Hmm, it seems __cm_alloc() and __cm_migrate() has no special codes for CMA.
I'd like reuse this for my own contig page allocator.
So, could you make these function be more generic (name) ?
as
__alloc_range(start, size, mirate_type);

Then, what I have to do is only to add "search range" functions.

Thanks,
-Kame



2010-12-14 10:18:17

by Michal Nazarewicz

[permalink] [raw]
Subject: Re: [PATCHv7 06/10] mm: MIGRATE_CMA migration type added

> On Mon, 13 Dec 2010 12:26:47 +0100
> Michal Nazarewicz <[email protected]> wrote:
>> diff --git a/include/linux/mmzone.h b/include/linux/mmzone.h
>> @@ -35,13 +35,24 @@
>> */
>> #define PAGE_ALLOC_COSTLY_ORDER 3
>>
>> -#define MIGRATE_UNMOVABLE 0
>> -#define MIGRATE_RECLAIMABLE 1
>> -#define MIGRATE_MOVABLE 2
>> -#define MIGRATE_PCPTYPES 3 /* the number of types on the pcp lists */
>> -#define MIGRATE_RESERVE 3
>> -#define MIGRATE_ISOLATE 4 /* can't allocate from here */
>> -#define MIGRATE_TYPES 5
>> +enum {
>> + MIGRATE_UNMOVABLE,
>> + MIGRATE_RECLAIMABLE,
>> + MIGRATE_MOVABLE,
>> + MIGRATE_PCPTYPES, /* the number of types on the pcp lists */
>> + MIGRATE_RESERVE = MIGRATE_PCPTYPES,
>> + MIGRATE_ISOLATE, /* can't allocate from here */
>> +#ifdef CONFIG_MIGRATE_CMA
>> + MIGRATE_CMA, /* only movable */
>> +#endif
>> + MIGRATE_TYPES
>> +};
>

KAMEZAWA Hiroyuki <[email protected]> writes:
> I personaly would like to put MIGRATE_ISOLATE to be bottom of enum
> because it means _not_for_allocation.

Will change.

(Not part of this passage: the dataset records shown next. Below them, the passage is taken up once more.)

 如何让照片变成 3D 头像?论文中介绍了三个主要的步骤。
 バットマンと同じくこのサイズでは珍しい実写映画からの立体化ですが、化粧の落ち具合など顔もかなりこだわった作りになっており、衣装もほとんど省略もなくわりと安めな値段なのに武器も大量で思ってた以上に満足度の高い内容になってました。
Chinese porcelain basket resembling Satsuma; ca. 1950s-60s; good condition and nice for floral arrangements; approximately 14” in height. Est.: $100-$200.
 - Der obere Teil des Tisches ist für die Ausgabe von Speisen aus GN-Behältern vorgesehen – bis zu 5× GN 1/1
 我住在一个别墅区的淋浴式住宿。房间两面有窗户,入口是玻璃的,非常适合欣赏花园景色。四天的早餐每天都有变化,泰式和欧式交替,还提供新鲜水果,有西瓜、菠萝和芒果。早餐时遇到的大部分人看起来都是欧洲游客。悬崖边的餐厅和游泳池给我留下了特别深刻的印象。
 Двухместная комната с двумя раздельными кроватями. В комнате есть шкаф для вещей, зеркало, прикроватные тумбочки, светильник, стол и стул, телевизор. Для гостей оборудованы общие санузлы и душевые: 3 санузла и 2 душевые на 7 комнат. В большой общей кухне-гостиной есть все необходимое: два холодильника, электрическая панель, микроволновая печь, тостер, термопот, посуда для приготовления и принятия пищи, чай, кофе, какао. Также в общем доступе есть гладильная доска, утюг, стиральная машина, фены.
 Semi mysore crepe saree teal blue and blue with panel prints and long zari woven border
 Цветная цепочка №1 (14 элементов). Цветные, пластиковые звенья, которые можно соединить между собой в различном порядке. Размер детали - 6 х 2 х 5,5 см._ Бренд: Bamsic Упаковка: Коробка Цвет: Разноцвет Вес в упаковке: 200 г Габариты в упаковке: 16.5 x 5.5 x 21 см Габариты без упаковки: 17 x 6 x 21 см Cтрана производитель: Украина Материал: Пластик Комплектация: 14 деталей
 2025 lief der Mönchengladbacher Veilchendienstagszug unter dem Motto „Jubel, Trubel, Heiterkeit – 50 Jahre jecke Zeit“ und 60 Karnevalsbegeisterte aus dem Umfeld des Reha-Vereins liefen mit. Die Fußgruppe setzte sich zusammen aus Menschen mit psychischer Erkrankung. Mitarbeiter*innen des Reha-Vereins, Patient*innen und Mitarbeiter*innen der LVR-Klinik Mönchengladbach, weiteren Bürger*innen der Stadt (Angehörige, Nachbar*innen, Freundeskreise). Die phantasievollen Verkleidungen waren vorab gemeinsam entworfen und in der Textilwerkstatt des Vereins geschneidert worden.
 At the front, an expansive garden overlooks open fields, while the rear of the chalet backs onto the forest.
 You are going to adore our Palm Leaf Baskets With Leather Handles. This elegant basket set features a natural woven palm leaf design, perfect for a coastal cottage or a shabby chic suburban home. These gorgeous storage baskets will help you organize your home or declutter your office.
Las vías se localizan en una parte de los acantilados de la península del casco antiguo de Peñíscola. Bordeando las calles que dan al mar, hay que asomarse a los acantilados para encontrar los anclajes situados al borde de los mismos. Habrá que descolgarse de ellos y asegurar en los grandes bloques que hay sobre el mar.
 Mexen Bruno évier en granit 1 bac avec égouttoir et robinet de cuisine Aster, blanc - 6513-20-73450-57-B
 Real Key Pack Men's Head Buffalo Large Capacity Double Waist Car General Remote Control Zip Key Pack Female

I didn't want to change the value of MIGRATE_ISOLATE in
fear of breaking something but hopefully no one depends on
MIGRATE_ISOLATE's value.

>> diff --git a/mm/compaction.c b/mm/compaction.c
>> @@ -824,11 +848,15 @@ struct page *__rmqueue_smallest(struct zone *zone, unsigned int order,
>> * This array describes the order lists are fallen back to when
>> * the free lists for the desirable migrate type are depleted
>> */
>> -static int fallbacks[MIGRATE_TYPES][MIGRATE_TYPES-1] = {
>> +static int fallbacks[MIGRATE_TYPES][4] = {
>> [MIGRATE_UNMOVABLE] = { MIGRATE_RECLAIMABLE, MIGRATE_MOVABLE, MIGRATE_RESERVE },
>> [MIGRATE_RECLAIMABLE] = { MIGRATE_UNMOVABLE, MIGRATE_MOVABLE, MIGRATE_RESERVE },
>> +#ifdef CONFIG_MIGRATE_CMA
>> + [MIGRATE_MOVABLE] = { MIGRATE_RECLAIMABLE, MIGRATE_UNMOVABLE, MIGRATE_CMA , MIGRATE_RESERVE },
>> +#else
>> [MIGRATE_MOVABLE] = { MIGRATE_RECLAIMABLE, MIGRATE_UNMOVABLE, MIGRATE_RESERVE },
>> - [MIGRATE_RESERVE] = { MIGRATE_RESERVE, MIGRATE_RESERVE, MIGRATE_RESERVE }, /* Never used */
>> +#endif
>> + [MIGRATE_RESERVE] = { MIGRATE_RESERVE }, /* Never used */
>> };
>>
>> /*
>> @@ -924,12 +952,12 @@ __rmqueue_fallback(struct zone *zone, int order, int start_migratetype)
>> /* Find the largest possible block of pages in the other list */
>> for (current_order = MAX_ORDER-1; current_order >= order;
>> --current_order) {
>> - for (i = 0; i < MIGRATE_TYPES - 1; i++) {
>> + for (i = 0; i < ARRAY_SIZE(fallbacks[0]); i++) {

> Why fallbacks[0] ? and why do you need to change this ?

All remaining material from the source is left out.